Saturday, June 22, 2013

Your Book May be Written, But It's Not "The End"

This is what your editor and publisher look like when you've finished writing your book, been contracted, and decided you're done. You've written "The End" and think you've reached the end of the line. You're ready to move on and write your next best-seller.

What you don't realize is that this book won't be your first best-seller without a few more very important stops on the journey to publication.

Editing: If you are self-publishing, this is a key component. Don't just turn your manuscript in for print. Make sure you hire a professional editor to go through it at least once. Pay someone to do a great job so that you have a great product to present your readers. For those of us who love to read and know a few things about grammar and punctuation, nothing is more distracting than a book filled with those types of errors. Of all the self-published books I've been asked to review, I have to tell you that at least 4 out of 5 are not edited. This includes poor grammar and poor craft.

If you are being published through a house, editing is part of the publication process. This doesn't mean that you are off the hook. This means that your manuscript will be subjected to the red pen of a professional editor, and you will be responsible for accepting or denying their recommendations. You still have work to do.

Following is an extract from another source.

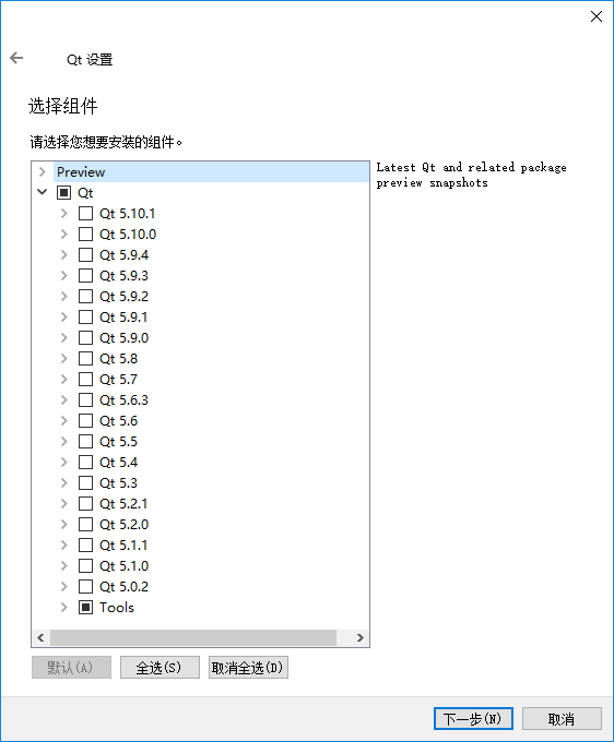 有选择地下载 Qt 组件,选择相应的 Qt 版本和 Qt Creator。例如 Qt 5.10.1 下的内容不需要全都下载,按照需求下载即可。

Marketing: If you think you're finished the minute your book goes to print, you're not going to impress the publisher. Although most publishing houses have some form of marketing plan to help your book sell, authors are just as (if not more so) responsible to market their books. If you want a best-seller or even another contract, you'd better have a plan to market your book, and then you need to follow through with it. Nothing disturbs a publisher more than realizing they've contracted an author who doesn't want to do the work once their name is on a cover.

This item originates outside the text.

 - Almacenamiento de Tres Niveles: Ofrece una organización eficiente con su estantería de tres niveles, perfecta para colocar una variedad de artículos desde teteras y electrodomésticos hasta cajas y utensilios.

Think of it this way: who better to market your book than you? Who knows your readers better than the one they've been anxiously following for the past X amount of time, waiting in anticipation for the release of your story? You know them better than any publishing house or editor. Word of mouth is proven to be the best tool to sell anything. Prepare your own marketing plan and get your book noticed. It'll only benefit you in the long run. Do the work. Don't be another one of those lazy writers. You'll be the one with the best-seller while someone else is wondering why they aren't making money after putting in all that time writing.